Tuesday, February 22, 2011

Untitled doily, pen, 2010

please excuse the imperfect scan. and while you're at it, please excuse the imperfect life. there. i said it. i'm hanging out in 'retirement village' this week where the only ambition is in a hot cup of coffee on the lanai. lovely, but the contrast to my reality really made me toss and turn last night. i must be nuts. or ambitious. today's magic: working on capturing the light and pattern i see in the palm fronds (images to follow when i return to my scanner).

Friday, February 11, 2011

respect the inspiration

Untitled nest, pen, 2011

i always notice birds on a wire. especially driving on major highways because the surroundings are sparse and the line of the wire is crisp in front of the gray of the sky. i follow that line and then the most precise dot appears. sometimes, there are multiple dots. then, i wonder why birds sit so evenly spaced along the wire. and i'm never interested in knowing the true answer. today's magic: understanding that asking questions promotes having to hear answers. sometimes, answers kill the moment.

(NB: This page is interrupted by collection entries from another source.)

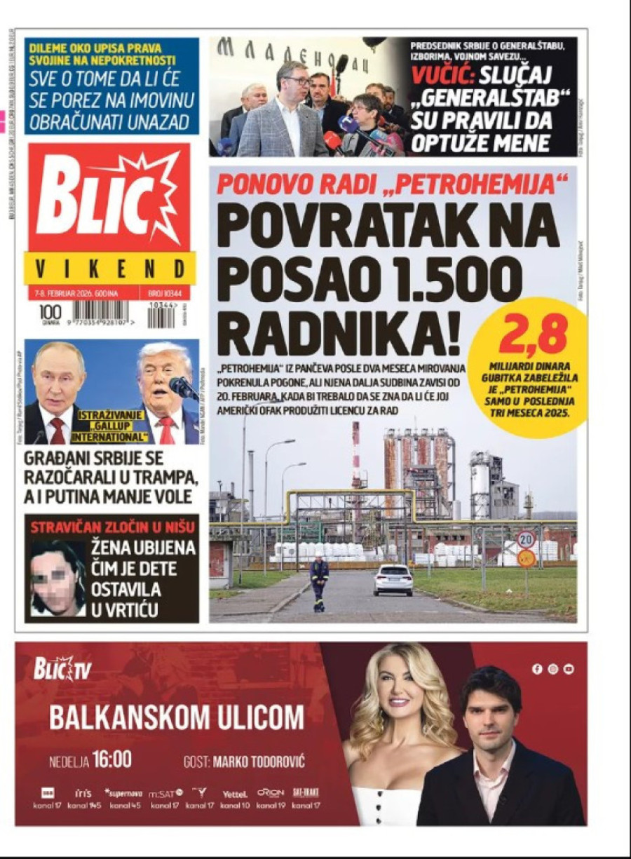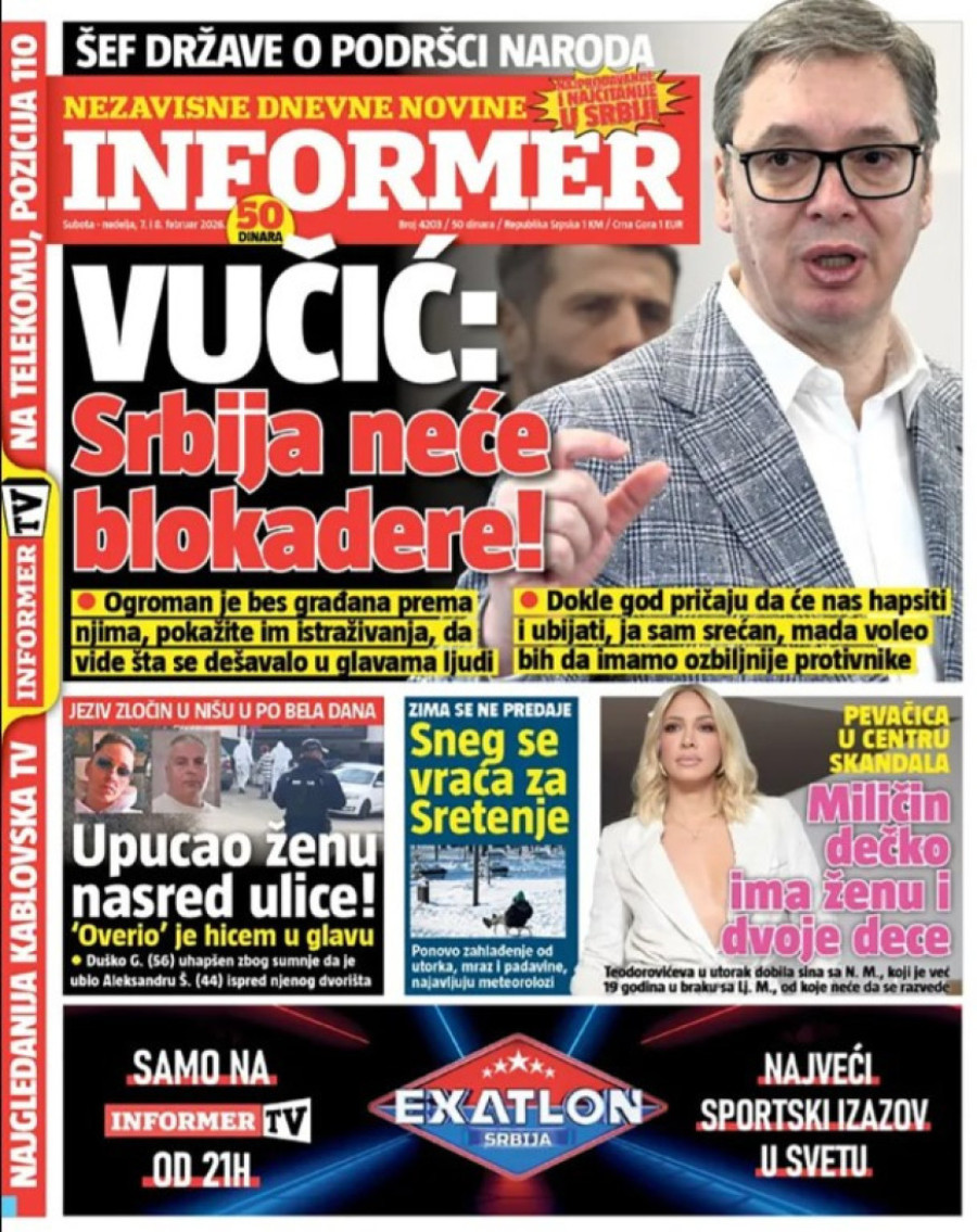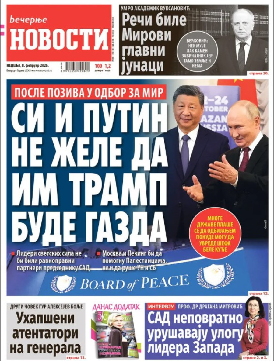 Dnevne novine u Srbiji za nedelju, 8. februar 2026. godine na naslovnim stranama najavljuju brojne aktuelne društveno-političke teme.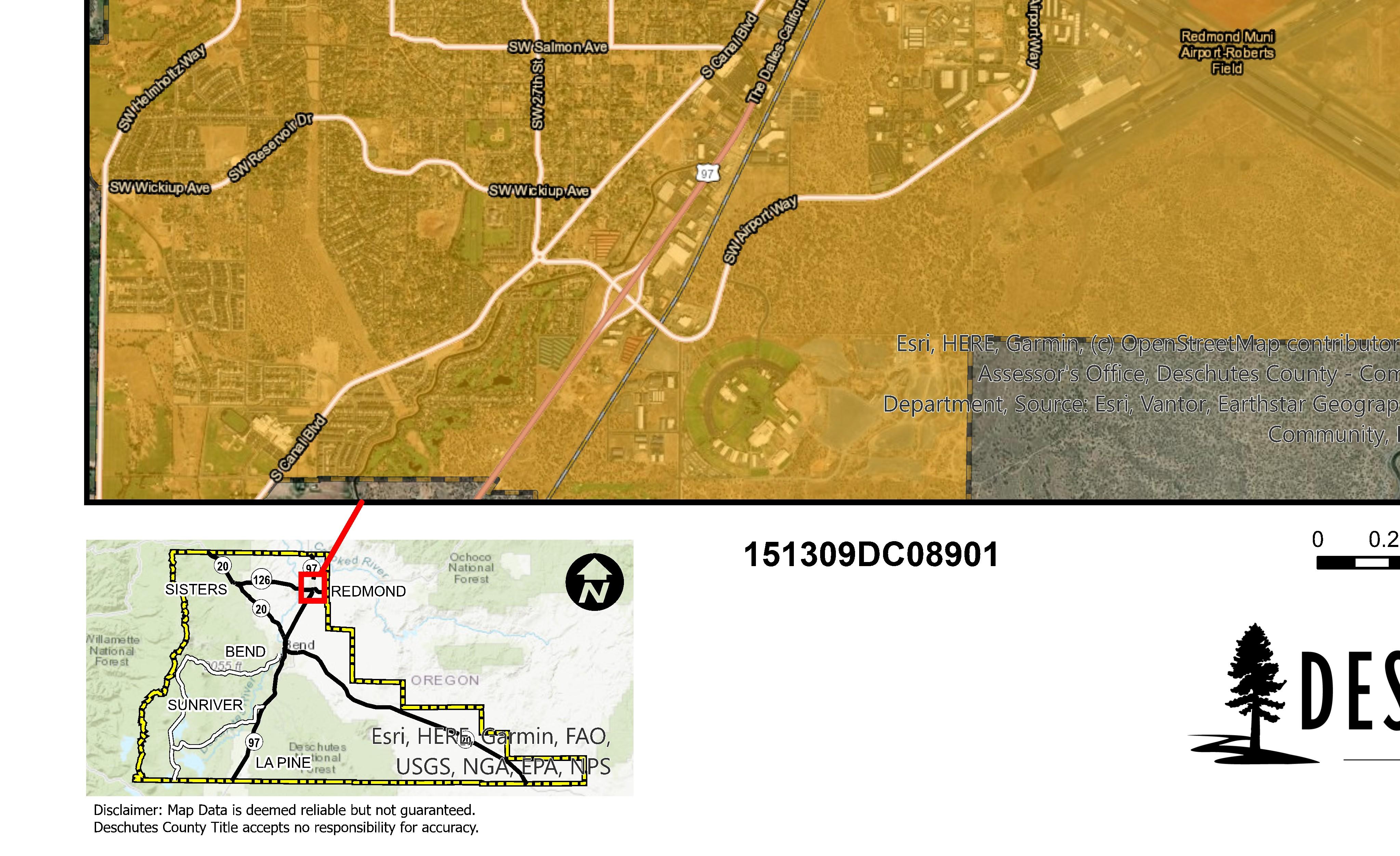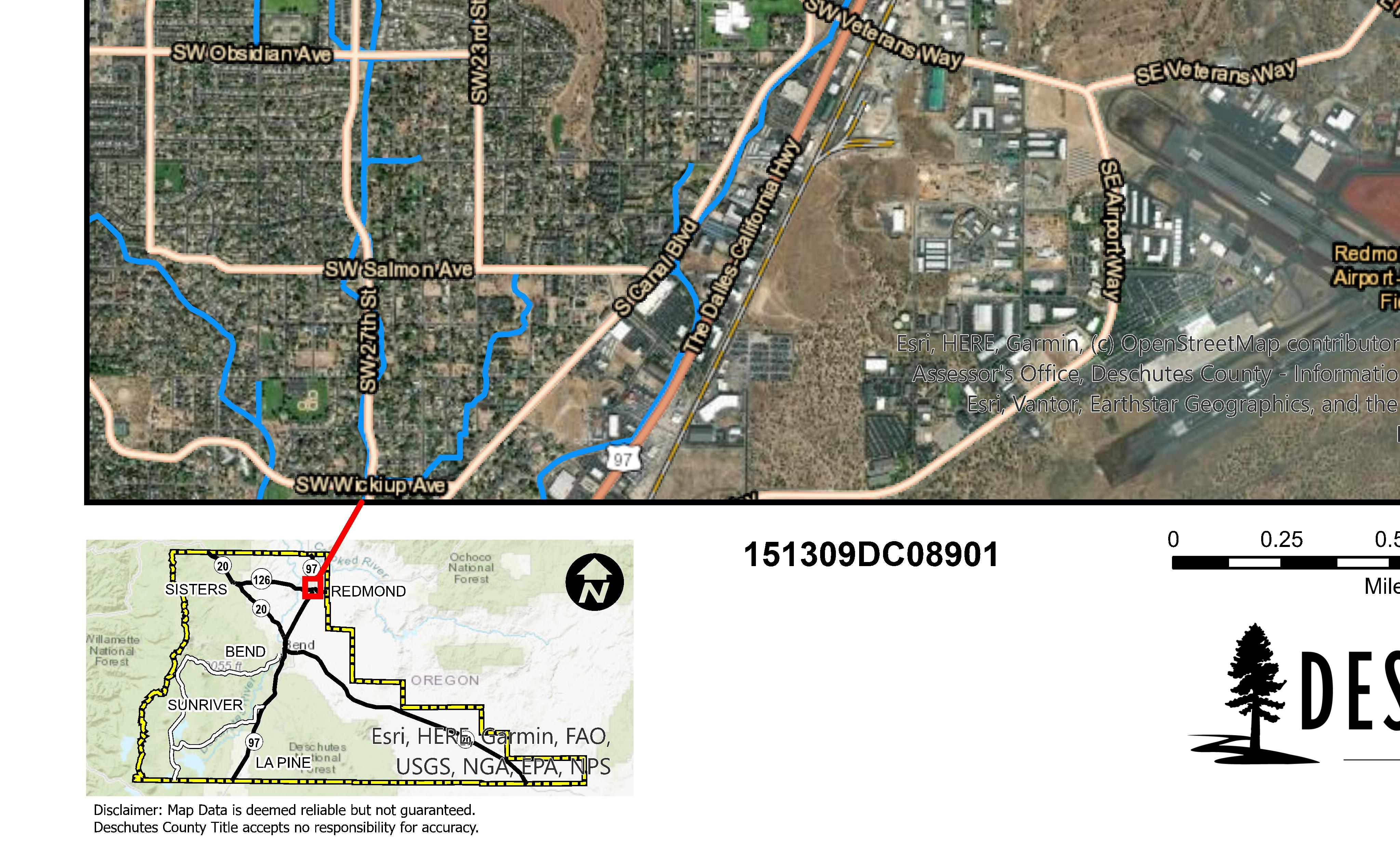 The information and maps presented in this report are provided for your convenience. Every reasonable effort has been made to assure the accuracy of the data and associated maps. Deschutes County makes no warranty, representation or guarantee as to the content, sequence, accuracy, timeliness or completeness of any of the data provided herein. Deschutes County explicitly disclaims any representations and warranties, including, without limitation, the implied warranties of merchantability and fitness for a particular purpose. Deschutes County shall assume no liability for any errors, omissions, or inaccuracies in the information provided regardless of how caused. Deschutes County assumes no liability for any decisions made or actions taken or not taken by the user of this information or data furnished hereunder.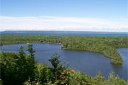 Robert C. Wetton (RIP) has shared innumerable photos throughout the years and always had a good eye for capturing something unusual. He took our second photo today, from his summer home out in Bootjack, back in 2012. With the fog floating in the background and the water so still it reflects like a mirror, it gives the impression that you can see the entire barrels that make the swim raft. But in reality, you can only see half the barrels, as the other half is under water...the reflection completes the look, giving the raft a deck on top and bottom and making it look like it’s hovering in the air.

starting to wonder what i'm getting at here. what do i mean by 'magic'? i don't think it's truly about creating magical moments. its about art, inspiration. and follow-through. i've been missing the follow-through. thought i was satisfied for the time being just noticing the world around me. 'i am an artist,' i would say, 'most importantly, its a way of seeing the world. that's enough to hold me over while i take care of business.' meanwhile, ignoring the subtle pain, dare i say suffering, of disrespecting the inspiration. so subtle i only know it by the dull pressure in my gut most days. see birds-on-wire, draw birds-on-wire. better to follow-through than to be reminded of not respecting the inspiration every time i drive by a bird on the wire.
Untitled weed, pen, 2011

Saturday, February 5, 2011

stitch witchery



Untitled, thread, dye-painted organza, 2011

its a tough winter, but then i think of laura ingalls, and world events, and it puts it all in perspective. i'm revisiting some grad school ideas, and supplies, searching for my way back to an inspired and fearlessly creative life. today's magic: have sewing machine, favorite thread, painted organza that's been waiting ten years to be worked...will create.